Im assuming your using the CFS system?But im not sure,you say you dont have to run back to the pump.
Im in the process of buying a used apla-tech system and have heard of this (modifying flat boxes to work with the cannon)Could you or anybody tell me more about what you did and how?
Thanks


----------



## taper71 (Dec 9, 2007)

Drywaller 
I am pretty sure you can only modify boxes for the CFS system. You need a way to be able to lock the box to finish your run and with the cannon it may be possible, but I would think it would be too big , heavy, and bulky to save you any more time than just running your boxes normally.


----------



## brdn_drywall (Apr 25, 2008)

ya drywaller i use the cfs system i'm not so sure the origional apla system is worth investing in 1wallboardsman may be right about the make work system, but combined with graco cannot be beat for mass production.


----------



## JoeMudder (Sep 13, 2008)

I don't recommend Apla-Tech tools if you want better quality work. I bought the big system which was worth about $5,000.00 and some of the other guys here bought the tools also and everyone said the same thing.

In fact, the guy they sent here to demonstrate the tools after I bought them used a knife to wipe everything down. When I talked to the rep at Apla-Tech I asked him what everyone was saying about them in this area. His reply was that they were all saying they are good to apply the mud with.

In areas that may not require the high quality they do in this area Apla-Tech tools may be ok, but for the cost and up keep they don't finish drywall a lot faster than I can with my hand tools. 

In fact, I took the angle coater and bought a length of electrical conduit and cut it to a length of about 5 feet to make a handle and I put a fitting on the end of it that I could put the angle coater on. The 3/4 inch conduit and fittings will receive the Apla-Tech coating heads. Using an angle roller I applied the compound to the angles and wiped it out with the angle coater. I saved myself hauling the compressor and Apla-Tech tools and production was about the same overall and was easier on my body. It increased production enough that it generated about another $10.00 per hour.


----------



## drywallnflorida (Sep 19, 2008)

anyone using the cfs systems??????????

what pressures are you runing for the taper, boxes, and angel coater??

what kind of mud thickness are you using for each?

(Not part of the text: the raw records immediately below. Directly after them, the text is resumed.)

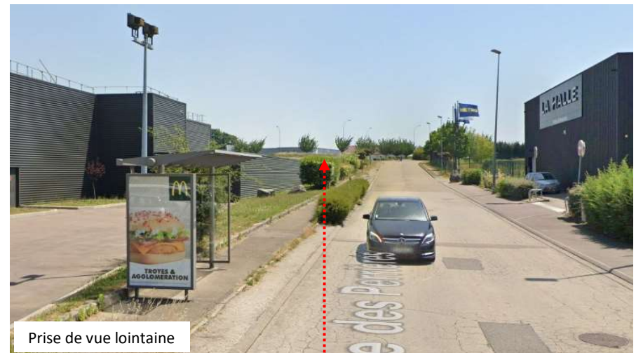
Emplacement du projet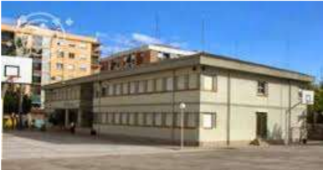
C. CEIP Carles Salvador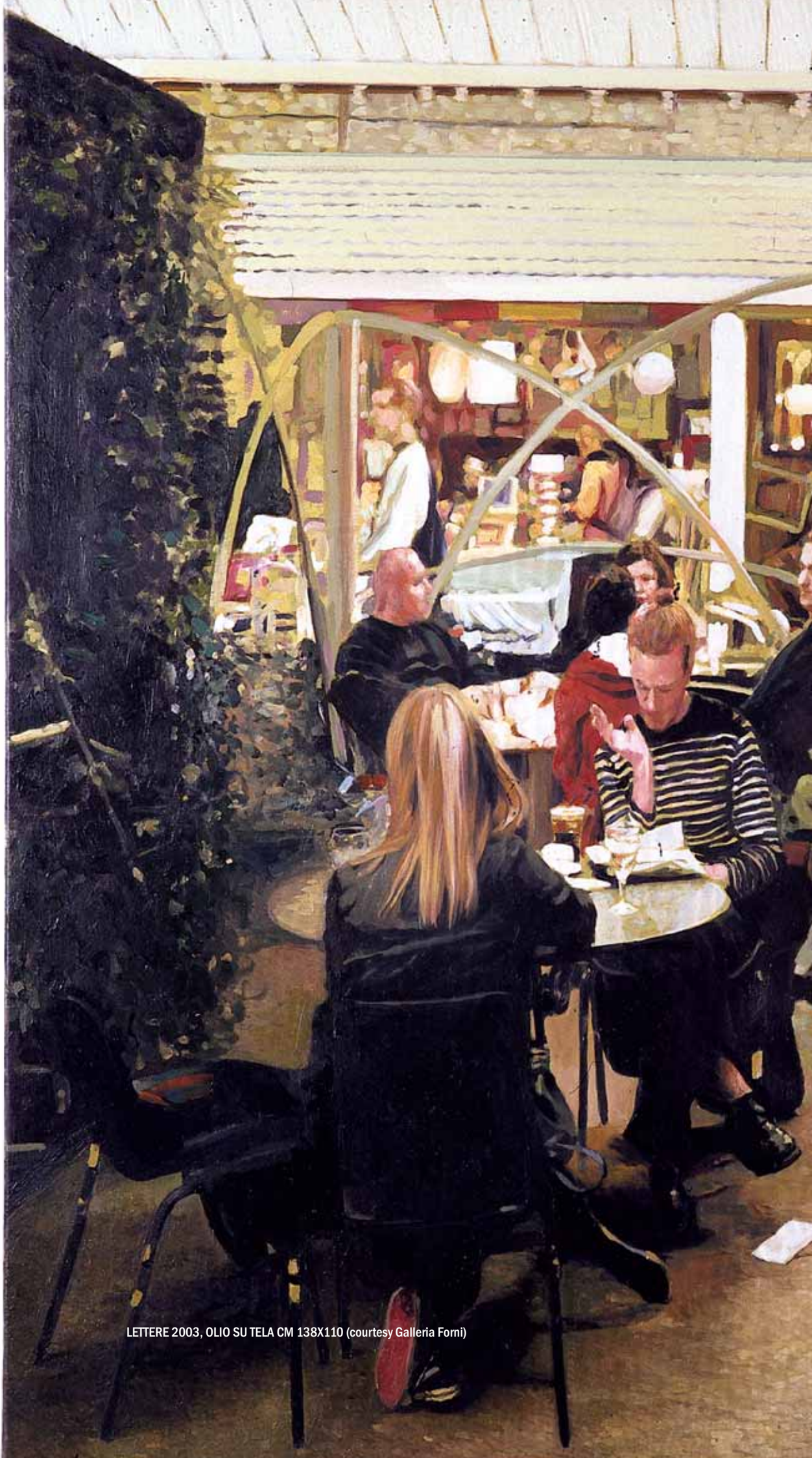
LETTERE 2003, OLIO SU TELA CM 138X110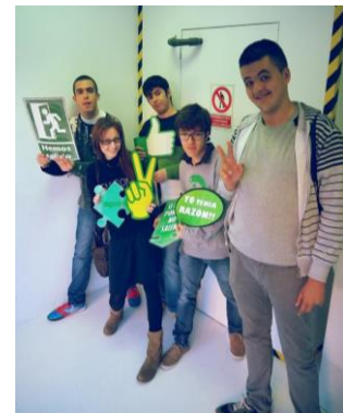
Room Escape "Cronològic"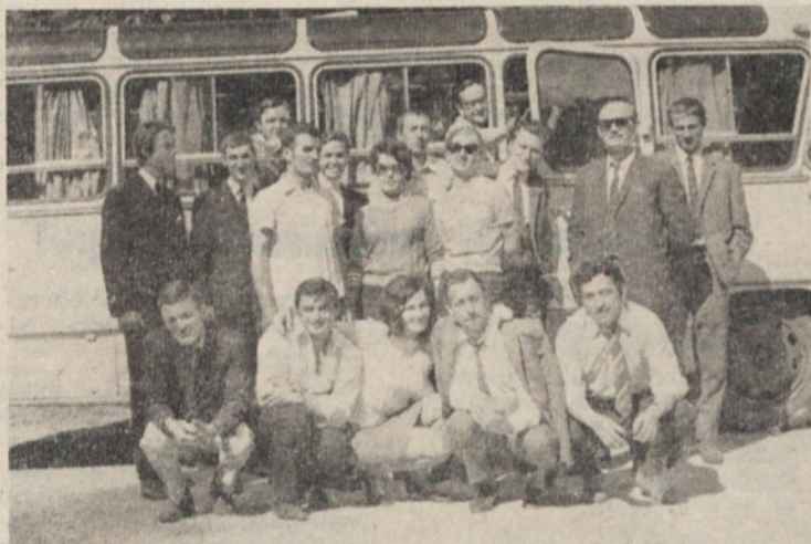
Člani aktiva mladih komunistov iz Zelene jame na izletu v Ravne na Koroškem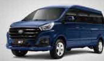
M7 Commercial MPV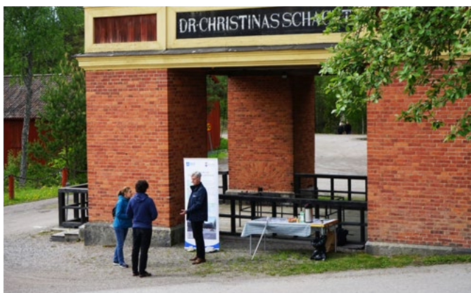
Information om projektet vid Saladagen vid Sala Silvergruva den 29 maj.

Den 26-28 augusti kommer representanter från projektet finnas på plats vid Salamässan för att svara på frågor, informera om projektet och fånga upp synpunkter. Kom gärna förbi och ta en kopp kaffe med oss.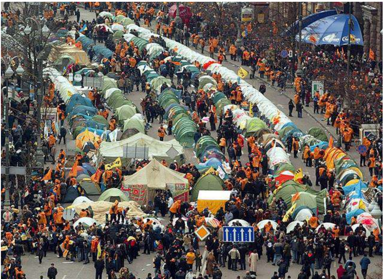
Наметове містечко у середмісті Києва.

22 листопада о 4-й годині ранку протестувальники почали встановлювати намети. Протягом наступної доби наметове містечко розрослося приблизно до 400 наметів, розміщених по всьому Хрещатику аж до Бессарабської площі. Навколо містечка встановили огорожу. Штаб Віктора Ющенка організував пряму супутникову трансляцію з Майдану, чим одразу скористалися провідні світові телеканали. Панорама київського Майдану потрапила в поле зору багатьох країн світу.

I have purchased a set and am in the process of figuring the system out so any info is greatly app. 

Thanks


----------



## JoeMudder (Sep 13, 2008)

taper71 said:


> I was wondering if anyone here can tell me how to adjust the coaters blade so it achieves A nice feathered edge? Or will it even leave a feathered edge? I always seem to get a ridge- not a huge one mind you, but wondering if that is the norm. I wipe behind anyways so not all that of a big deal except on the ceiling. I like sanding the least amount as possible so ridges are bad lol.


If you set the blade so it sticks out a bit, then turn the lever so the blade is arched a bit you should be able to get a tapered edge. But keep in mind, the Apla-Tech tools cannot do what a person does and will not taper as you can with a drywall knife. I've been able to second coat with it, but it's nothing like what a person can do. I have the 12 inch head and to skin coat with it I do not recommend.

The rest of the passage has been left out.